My price range put some very nice refractors in the 4"-5" aperture range within reach. There are others that I would like to own, but simply could not afford. Ultimate APO refractors are expensive, no doubt about it!

My personal preference is for an APO refractor with what might be called a medium focal length for the type. Not an ultra-short "wide field" scope and not a scope so long it might be mistaken for anti-aircraft artillery. Something in the 750mm-1000mm focal length range, for example, given my 4"-5" aperture diameter requirement and the fact that I needed it to fit in the trunk of my car.

To summarize, I was looking for a true APO refractor in the 4"-5" aperture range with a medium focal length that weighs no more than 20 pounds from one of the American telescope makers. I want my ultimate scope to be compatible with a medium size German EQ mount for extended use and a decent alt-az mount for quick-look purposes.

I had my eye on the Stellarvue MG mount for some time ($499), which would be perfect for my quick look needs. Astronomy and Photography Senior Editor Gordon Landers owns several Stellarvue scopes and I have had the opportunity to use his version of the MG and found it to be an excellent mount.

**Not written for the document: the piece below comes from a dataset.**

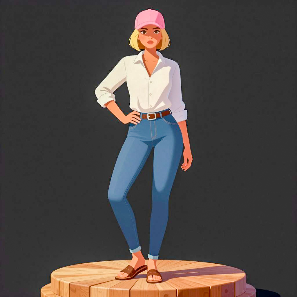 Digital illustration of a blonde woman with short hair, wearing a pink baseball cap, white button-up shirt, blue tight jeans, and brown belt, standing on a round wooden platform. She has her right hand on her hip, left arm slightly bent, and wears brown sandals. Dark background. Her expression is neutral. She is standing with legs crossed slightly at the ankles.

Gordon has been kind enough to let me use his Stellarvue SV102ED and SVR105-3 Raptor scopes and compare their performance to my Omni XLT 102ED. (We have previously reviewed all three of those scopes and the articles can be found on the Astronomy and Photography index page.)

Impressed by the performance of Gordon's Stellarvue scopes and his high opinion of the integrity of the Stellarvue organization and its founder Vic Maris, I began to study the Stellarvue line. Fortunately, they offer several alternatives that fall within my price and general specification range. These include the aforementioned SVR105-3 Raptor, as well as the SV105 Apo, SV115EDT, SV115T and SV130EDT. Stellarvue's prices include the optical tube, mounting rings, Vixen-style dovetail mounting rail, Stellarvue F2 multi-reticle red dot finder and heavy duty case. Even better, they give a $100 discount on any of their mounts when ordered with a telescope, so I could get my MG mount for an additional $399, rather than $499.

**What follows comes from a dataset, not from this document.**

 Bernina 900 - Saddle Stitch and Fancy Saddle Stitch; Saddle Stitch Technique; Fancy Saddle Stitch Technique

After spending considerable time perusing the Stellarvue web site (www.stellarvue.com), I ultimately ordered an SV115T-20 and an MG mount. The combo price is $3594. The SV115T is Stellarvue's top of the line 115mm (4.5") clear aperture scope. It uses a proprietary APO triplet objective with an Ohara FPL-53 ED glass center element and has a focal length of 800mm. The T20 version is supplied with a 2" Starlight Instruments Feather Touch dual speed focuser. (There is also a T35 version with a 3" focuser to accomodate those heavily involved in astro photography.)

SV115T Telescope
SV115T in Stardust White. Illustration courtesy of Stellarvue.

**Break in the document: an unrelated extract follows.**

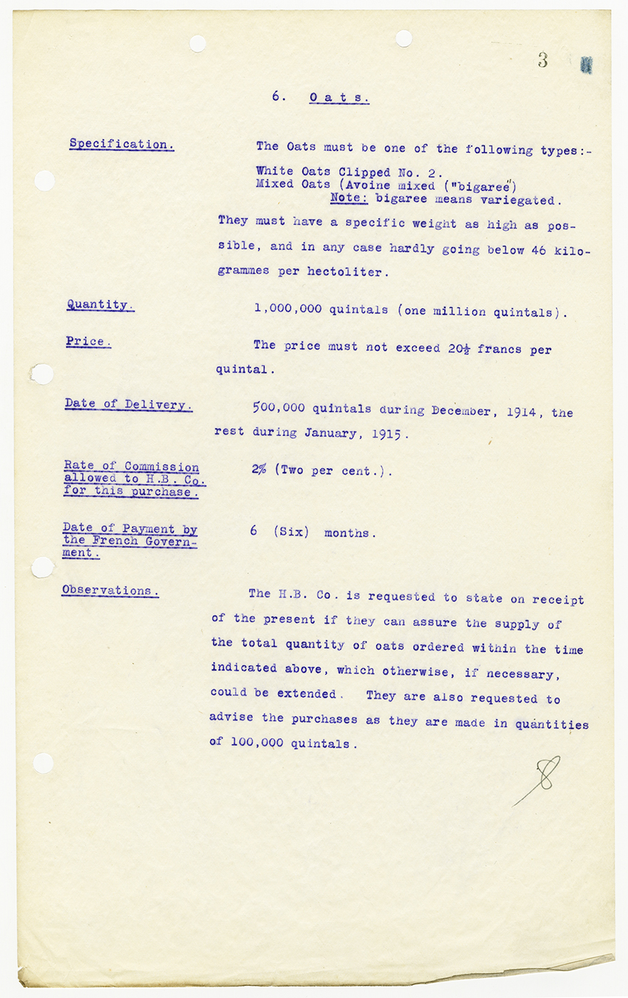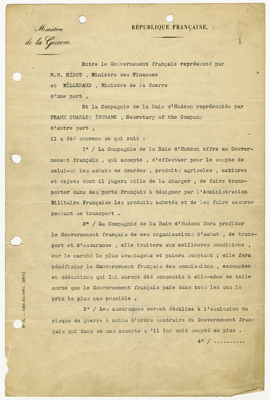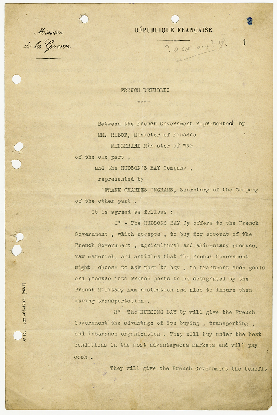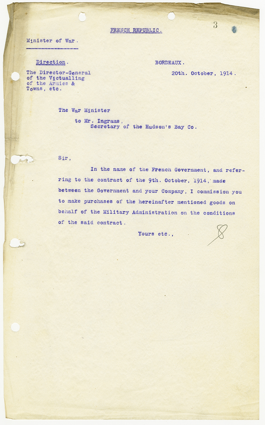 On October 20, 1914, the Hudson’s Bay Company received its first purchasing order from the Director-General of Victualling of the Armies and Towns, on behalf of the French government’s Ministry of War. Orders like this resulted from the agreement signed between the HBC and the French government in the early months of the First World War.

The SV115T20 has more light grasp than my old XLT 102ED (265x vs. 212x compared to the human eye) and weighs 13 pounds with mounting rings. The Vixen mount rail will slide right into both my Vixen GPD2 equitorial mount and the MG AZ mount. The scope's overall length is a few inches less than my XLT 102ED, so it will fit in the trunk of my car. The nice folks at Stellarvue had a single SV115T that had been special ordered in Stardust Blue (instead of the usual Stardust White) and not picked-up and they graciously consented to let me have it at no extra charge. (I prefer the looks of the blue scope!) All of my requirements were thus met.

I should explain in closing that I decided in favor of the 4.5" SV115T, instead of the tempting (and slightly less expensive) 5" SV130EDT model with its greater light grasp, because the latter was considerably larger and heavier, weighing 20.2 pounds with rings. Stellarvue considers the SV130EDT too heavy for their MG mount and I did not want a larger alt-azimuth mount. As it turned out, the SV115T seems larger in person than it did online. It is physically as much scope as I want to deal with and I'm glad that I did not order a larger scope. Life, you see, is compromise.